Citando Jan Schneider <jan at horde.org>:
> Zitat von Gonçalo Queirós <goncalo.queiros at portugalmail.net>:
>> On 03/21/2012 11:40 AM, Gonçalo Queirós wrote:   > Citando Jan  
>> Schneider <jan at horde.org>:    > Zitat von Gonçalo Queirós  
>> <goncalo.queiros at portugalmail.net>:     > Hi there dev.
>>>>>
>>>>>       We were trying to use the kronolith-agenda script to send  
>>>>> daily agendas to
>>>>>       everyone on our service, but the problem is that we  
>>>>> currently have more
>>>>>       than 350.000 shares and the script just runs out of  
>>>>> memory, even with 2Gb!
>>>>>
>>>>>       Looking at the script more closely, we think there's a way  
>>>>> to make the
>>>>>       script work, regardless of the number of shares on the  
>>>>> system, but we would
>>>>>       like your opinion on that before coming out with a patch.
>>>>>
>>>>>       Current script:
>>>>>       1 - Get every calendar share
>>>>>       2 - For every share, list its events, to check if it has  
>>>>> any event to the
>>>>>       current day
>>>>      This is not correct, there is no such step
>>>     Sorry, was debugging on my own code ;-)    >> 3 - For the  
>>> remaining list get all users that have access to the calendars
>>>>>       4 - For every user, check if he desires to receive the  
>>>>> daily agenda (pref)
>>>>>       5 - For every user that wants to receive the daily agenda, get his
>>>>>       calendars
>>>>>       6 - Again for every calendar get the ones that have any  
>>>>> event to the
>>>>>       current day
>>>>>       7 - Send the email if there's any calendar left
>>>>>
>>>>>       For our installation the current script stops on the first  
>>>>> step, because
>>>>>       it runs out of memory.
>>>>>       We thought on creating sub-sets for the shares, but the  
>>>>> problem is that we
>>>>>       only know the full agenda of a user after we analyze all  
>>>>> shares he has
>>>>>       access to.
>>>>>
>>>>>       What we propose:
>>>>>       1 - Get every users that desire to receive the daily agenda (pref)

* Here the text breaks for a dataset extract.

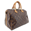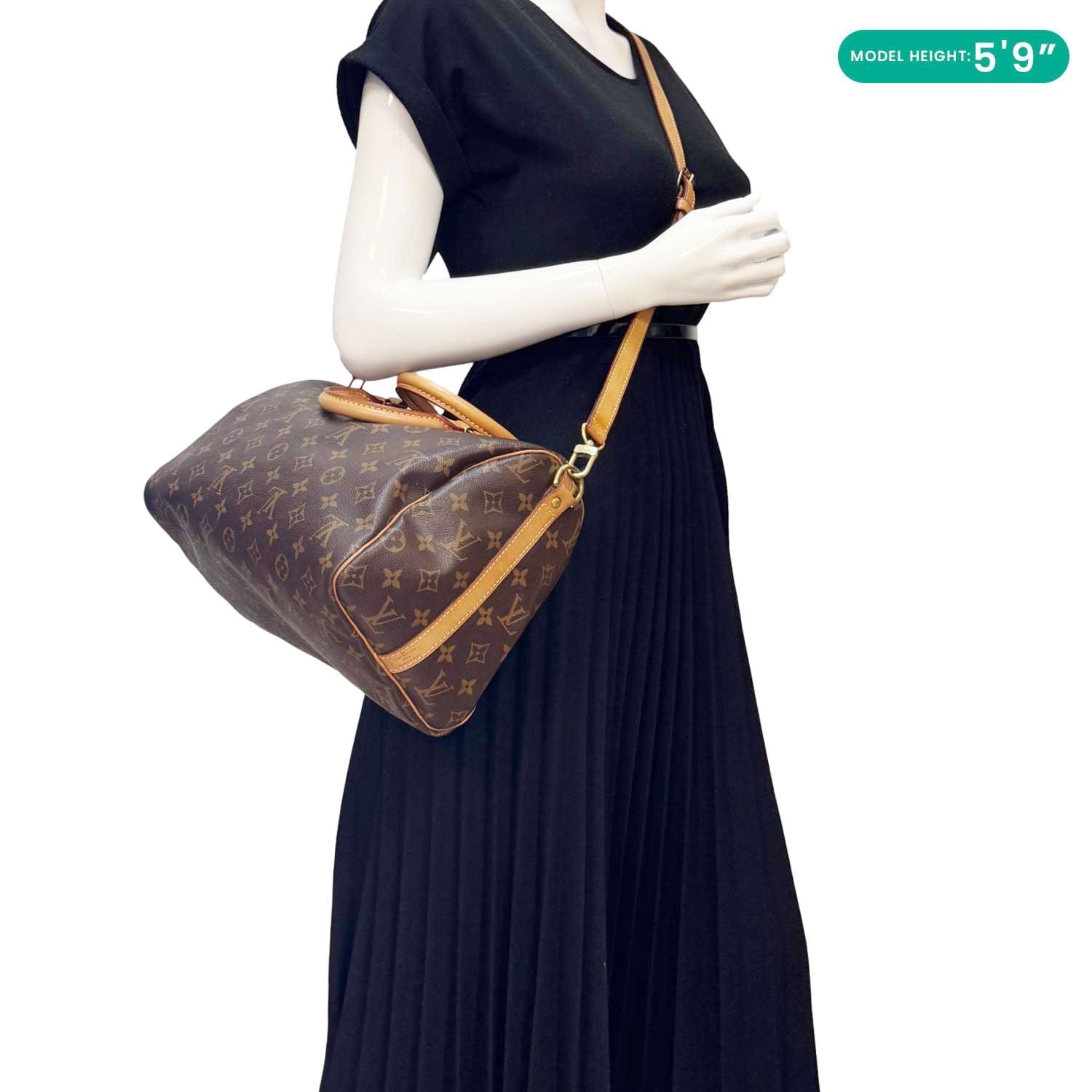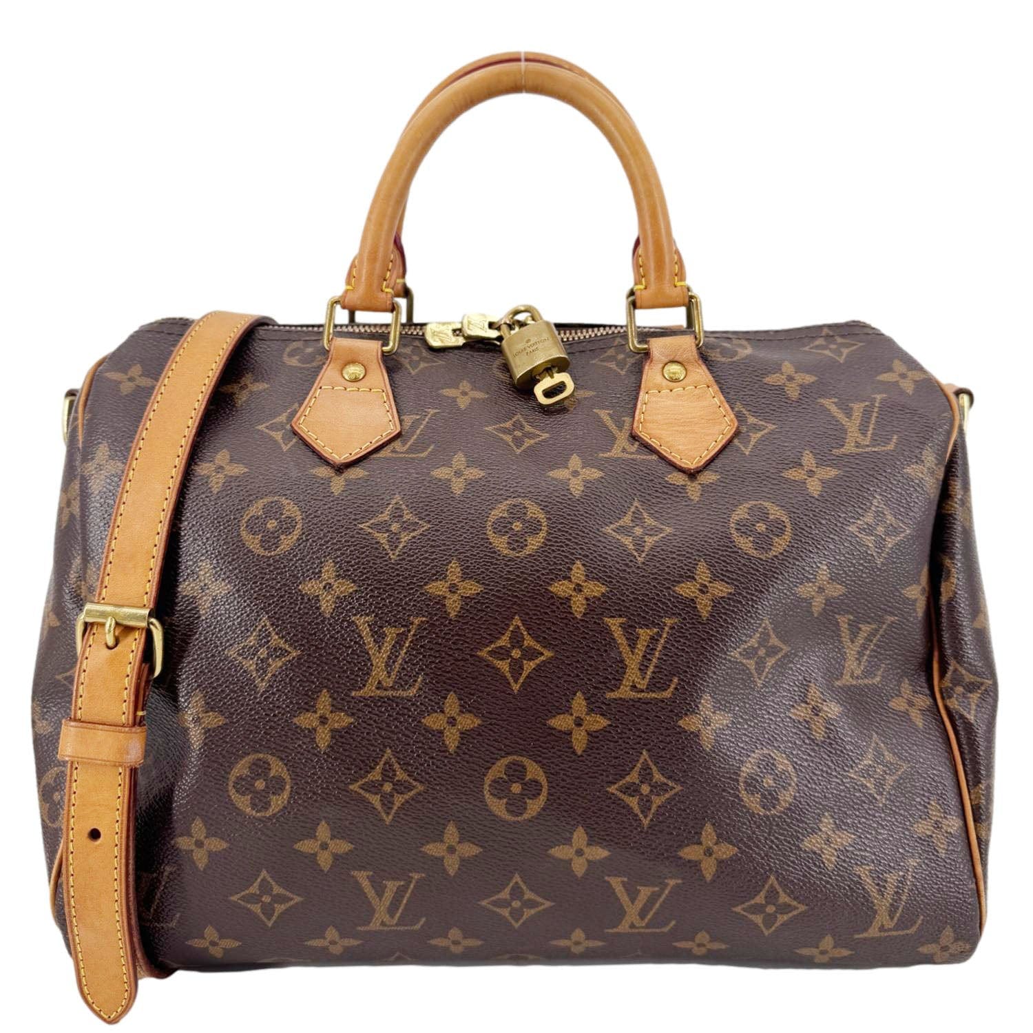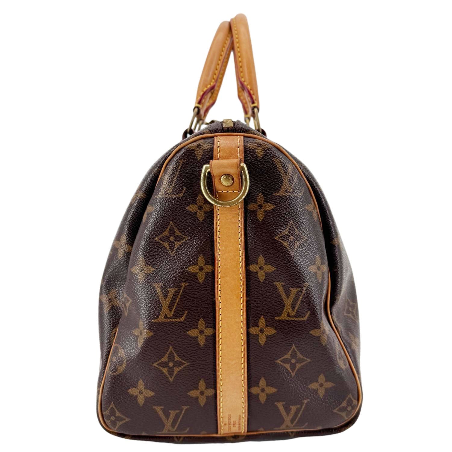Louis Vuitton Speedy 30 Bandoulière Monogram Canvas Crossbody Bag in Brown features the iconic monogram canvas with rolled leather handles and a removable shoulder strap. A timeless and versatile design, perfect for daily use and travel.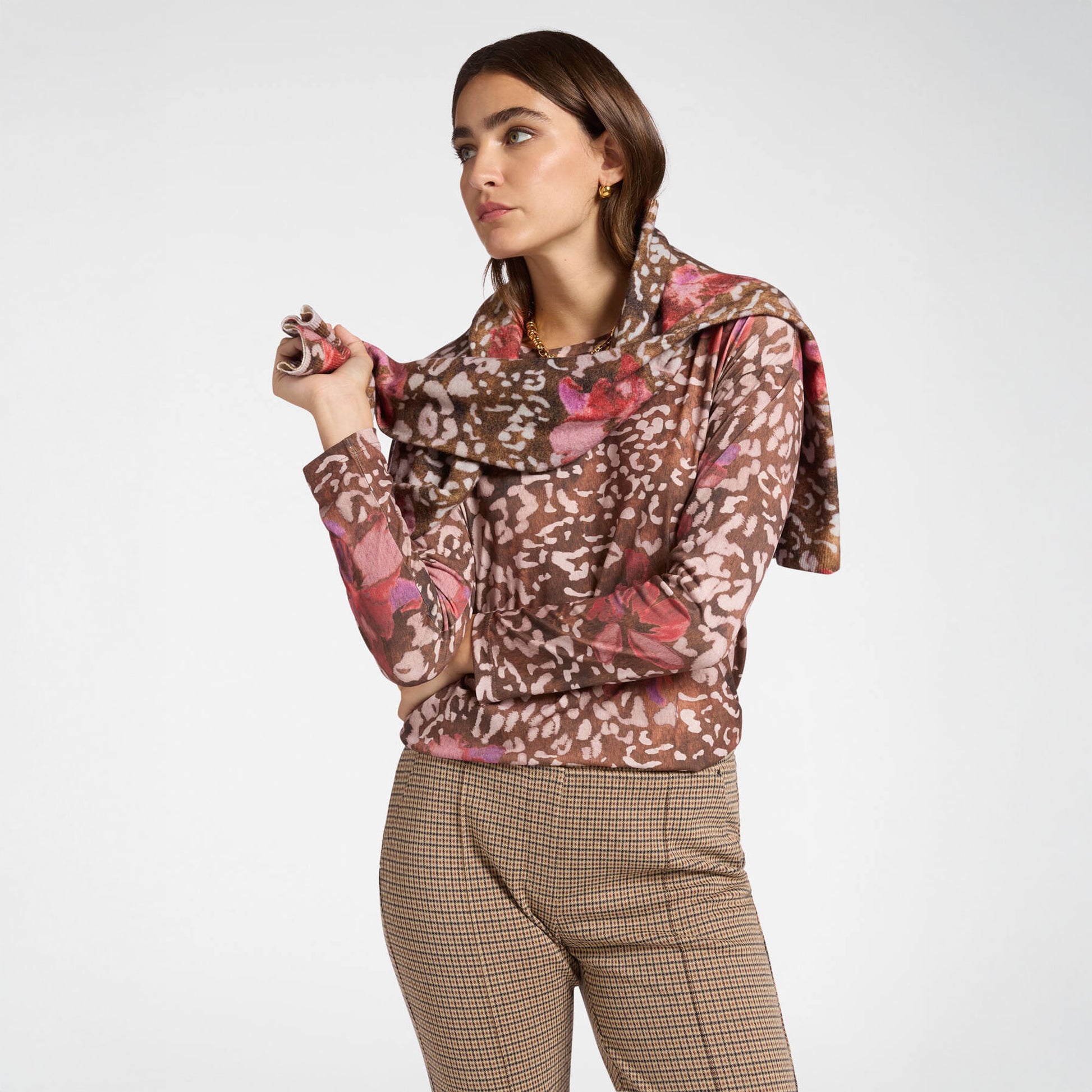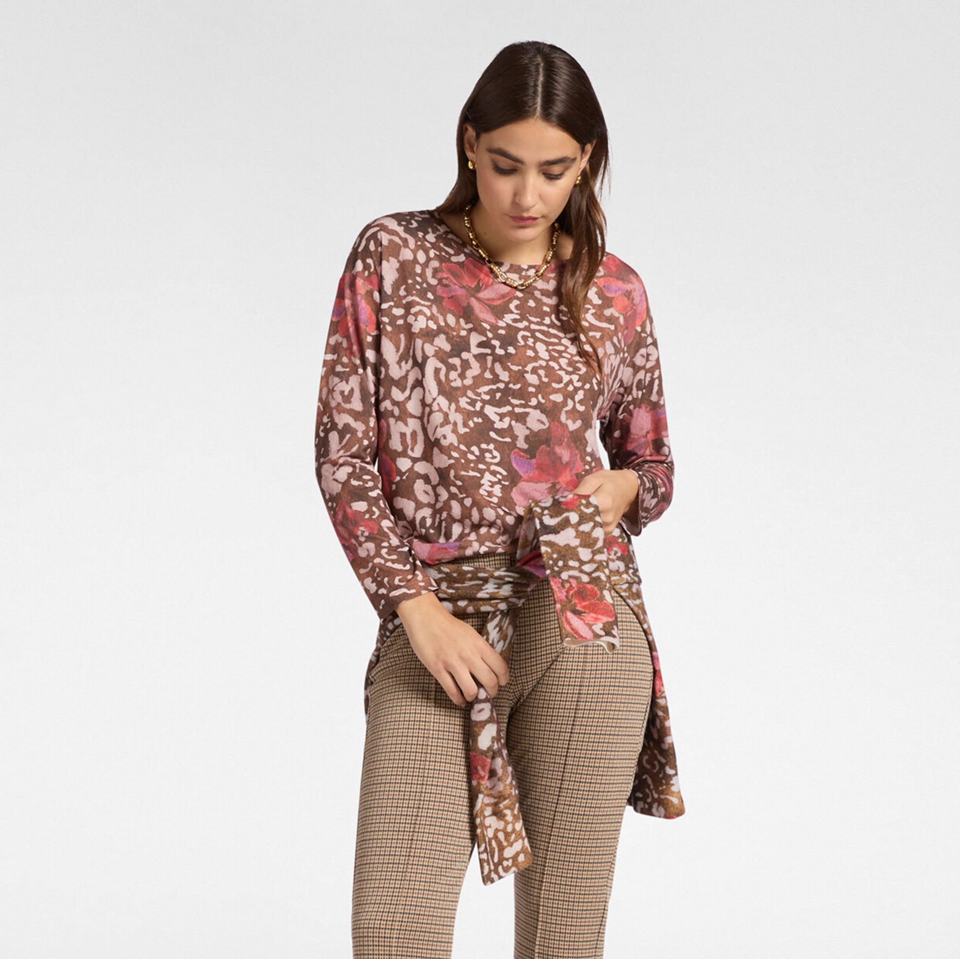 T-shirt stampata, coordinata ai capi di Collezione. Scollo a barchetta e maniche lunghe.

>>>>      That's exactly what steps 1, 3, and 4 do.
>>>     I know, the difference is that instead of asking for all the shares, we
>>>     could ask directly for all the users that wan't to receive an  
>>> agenda, so
>>>     we could eventually narrow the search.
>>>     Also, knowing the user instead of the calendars allows us to  
>>> immediately
>>>     send the user his agenda, which will free the memory when the loop for
>>>     that user ends.    >> 2 - execute the steps 5,6,7 of the  
>>> original script
>>>>>
>>>>>       In the worst case scenario this script will still perform  
>>>>> better than the
>>>>>       current one, because it doesn't have the first 3 steps.
>>>>>       With this approach we can create sub-sets of users which  
>>>>> will allow the
>>>>>       script to run until the end without running out of memory  
>>>>> (even if this is
>>>>>       a long process, it will execute)
>>>>>
>>>>>       Problems:
>>>>>       We don't think there's currently a method to retrieve all  
>>>>> prefs from the
>>>>>       backed by its name. Maybe we need to create it, and state  
>>>>> that this is for
>>>>>       admin purposes only and shouldn't be called by the  
>>>>> user-level code (just
>>>>>       like the listAllShares method from Horde_Share_Sql).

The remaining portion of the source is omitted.